Granda Misha Trojan

The Granda Misha is a threatening multi-purpose Trojan that can perform multiple, intrusive, and insidious actions on the computers it infects. The threat is being offered for sale to other potential cybercriminals by its creators. Depending on the goals of the customers, Granda Misha's behavior can be customized to accomplish different harmful purposes.

According to the promotional materials, the Trojan is capable of providing full user-level access to the breached system. The attackers can then execute arbitrary commands and activate the threat's loader functions to drop next-stage malware payloads, such as ransomware, crypto-miners, keyloggers or others.

The Granda Misha also can be used to collect sensitive data from the victim.
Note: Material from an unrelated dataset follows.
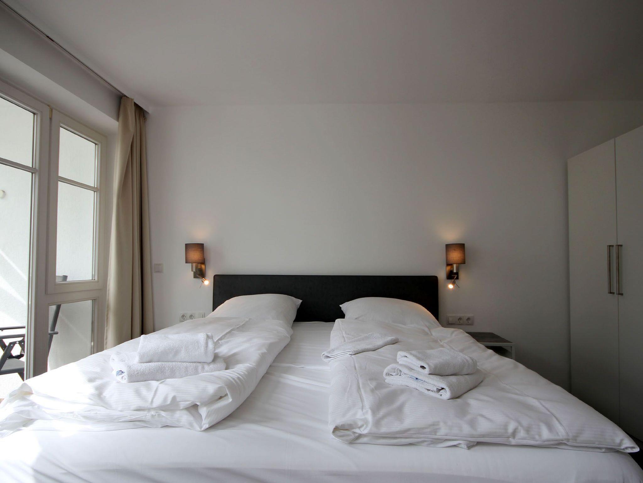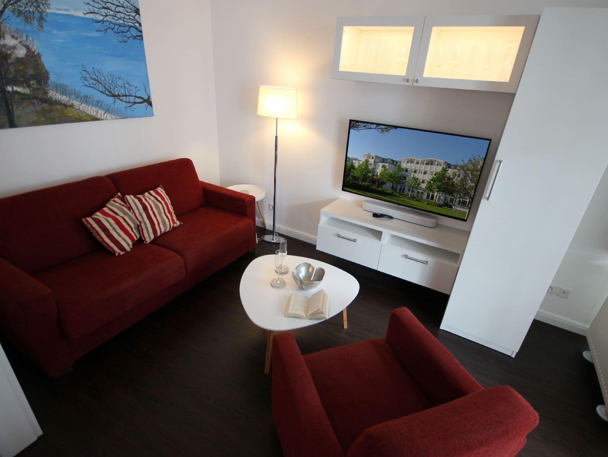 Im schönen Wohnraum finden Sie neben dem gemütlichem Schlafsofa, welches Platz für die 3. u. 4. Person bietet, einen Smart-TV unter anderem zur Nutzung der bekannten Streaming-Dienste, WLAN, ein SONOS Soundsystem mit Alexa-Funktion, einen kleinen Kleiderschrank sowie einen direkten Zugang zum großen Balkon. Im separaten Schlafzimmer mit bequemen Doppelbett, Kleiderschrank und Verdunklungsmöglichkeiten befindet sich zudem ein Zugang zum zweiten Balkon.[nbsp] Die neue und hochwertige Wohnküche mit Cerankochfeld, Geschirrspüler, Backofen, Mikrowelle, Kühlschrank, Kaffeemaschine, Wasserkocher, Toaster sowie diversen anderen Küchenhelfern lädt zum Kochen und gemeinsamen Essen ein. Darüber hinaus gibt es zwei SMART-TVs, WLAN und eine Stereoanlage. Ein Badezimmer mit Badewanne inklusive Duschvorrichtung und Waschbecken sowie eine separate Gäste-Toilette steht Ihnen zur Verfügung. Rundum eine sehr schöne Wohnung zum Abschalten vom Alltag.
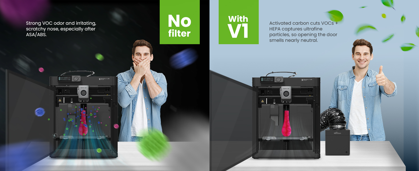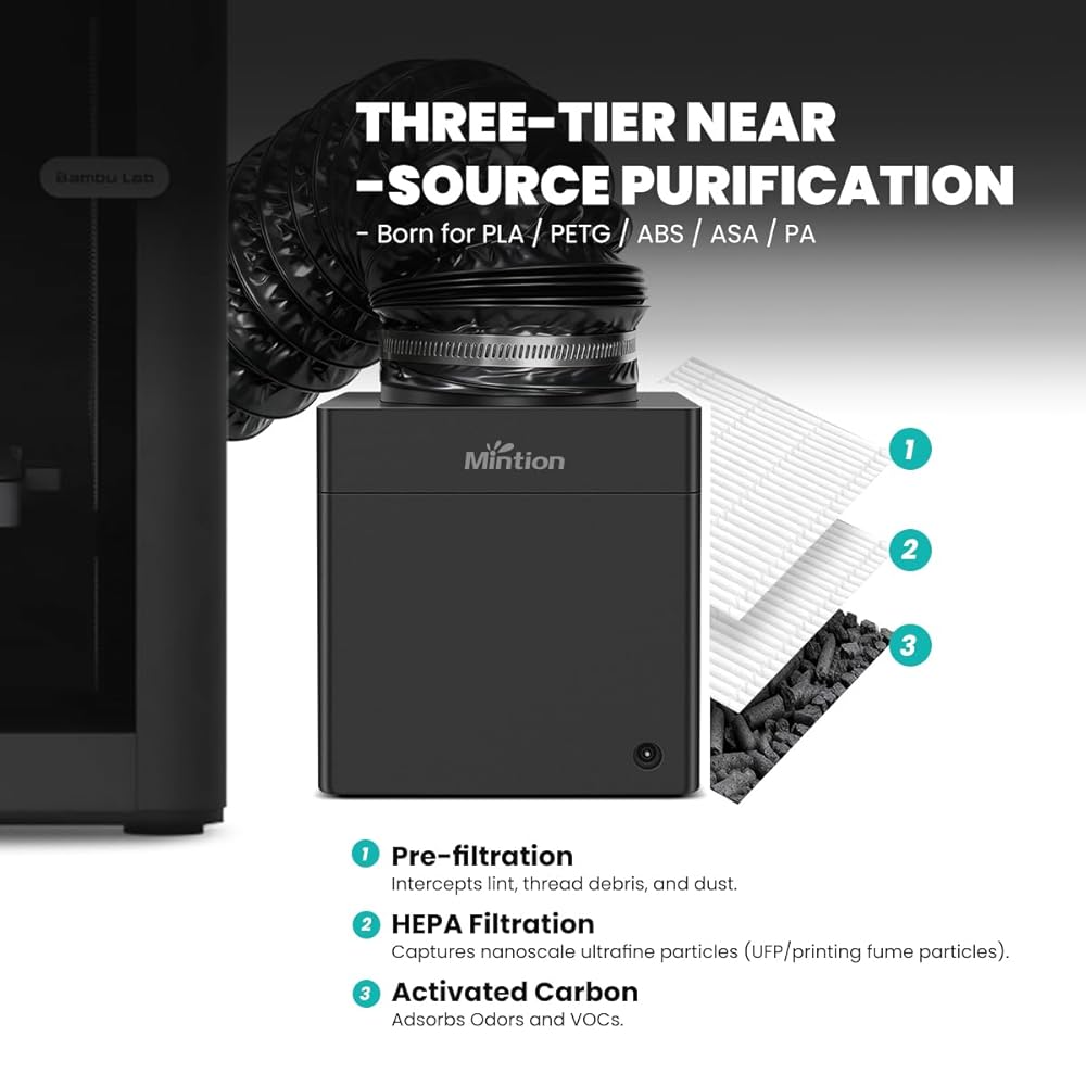 【حماية شاملة للخيوط】نظام Mintion V1 مناسب لجميع الشعيرات الشائعة، بما في ذلك PLA، وPETG، وABS، وASA، والنايلون (PA). فهو يقلل بشكل كبير من الروائح والانبعاثات الناتجة عن المواد ذات المركبات العضوية المتطايرة العالية، مما يجعله مثاليًا للاستخدام في المنازل والاستوديوهات والمؤسسات التعليمية والبيئات المهنية.

The threat can extract private information that has been saved in most of the widely used Web browsers - Chrome, Firefox, QQ, Vivaldi, Brave, Opera, Yandex, Chromium and Torch Web. The attackers could potentially gain access to the victim's account credentials, payment and credit/debit card details or banking information.

Granda Misha's data-collecting capabilities do not stop there. The RATalso is supposedly able to extract information from communication services, FTPs and crypto-wallets. Among the list of targeted applications are Telegram, Pidgin, Psi, Gajim, NppFTP, WinSCP, Psi++, CoreFTP, FileZilla, etc.

In addition, the Trojan can execute data-encryption routines and act as part of ransomware-type attacks. The cybercriminals can tailor numerous details to match their preferences, such as the employed encryption algorithm (SHA-256, Cha-Cha, or Curve25519), if a new file extension will be appended to the names of the locked files, whether the desktop background of the infected system will be changed with a custom one provided by the attackers, if the Windows Shadow Volume Copy backups will be deleted and more. The hackers also can customize the ransom note and pick its language out of 16 provided language choices, their preferred communication methods, etc.